City in Sherman County, Nebraska, United States

Loup City is a city and the first permanent settlement in, and the county seat of, Sherman County, Nebraska, United States. As of the 2020 census, Loup City had a population of 1,053. Loup City is close to the Middle Loup River, and about 5 mi from Sherman Reservoir.

==History==
The first settlement at Loup City was made in the mid 1860s. Loup City was platted in 1864, and designated county seat. Loup City was named after the Loup River.

During the Great Depression, Loup City was the site of a clash between leftist activists, influenced by Mother Bloor, who clashed with area residents in June 1934 following efforts by Communists to organize the workers of a poultry processing plant.

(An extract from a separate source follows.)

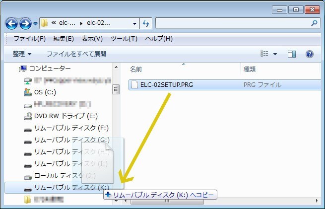 ・選択したファイルを用意したUSBフラッシュメモリー(リムーバブルディスク)にドラッグしてください。自動的にコピーされます。

The completion of Sherman Reservoir in 1963 added tourism to the area's economic base.

==Demographics==

Historical population
| Census | Pop. | Note | %± |
| 1890 | 871 |  | — |
| 1900 | 926 |  | 6.3% |
| 1910 | 1,128 |  | 21.8% |
| 1920 | 1,364 |  | 20.9% |
| 1930 | 1,446 |  | 6.0% |
| 1940 | 1,675 |  | 15.8% |
| 1950 | 1,508 |  | −10.0% |
| 1960 | 1,415 |  | −6.2% |
| 1970 | 1,456 |  | 2.9% |
| 1980 | 1,368 |  | −6.0% |
| 1990 | 1,104 |  | −19.3% |
| 2000 | 1,116 |  | 1.1% |
| 2010 | 1,173 |  | 5.1% |
| 2020 | 1,053 |  | −10.2% |
U.S. Decennial Census

===2010 census===
As of the census of 2010, there were 1,173 people, 702 households, and 263 families residing in the city. The population density was 1094.7 PD/sqmi. There were 996 housing units at an average density of 605.3 /sqmi. The racial makeup of the city was 98.7% White, 0.1% Native American, 0.4% Asian, 0.2% from other races, and 0.6% from two or more races. Hispanic or Latino of any race were 1.6% of the population.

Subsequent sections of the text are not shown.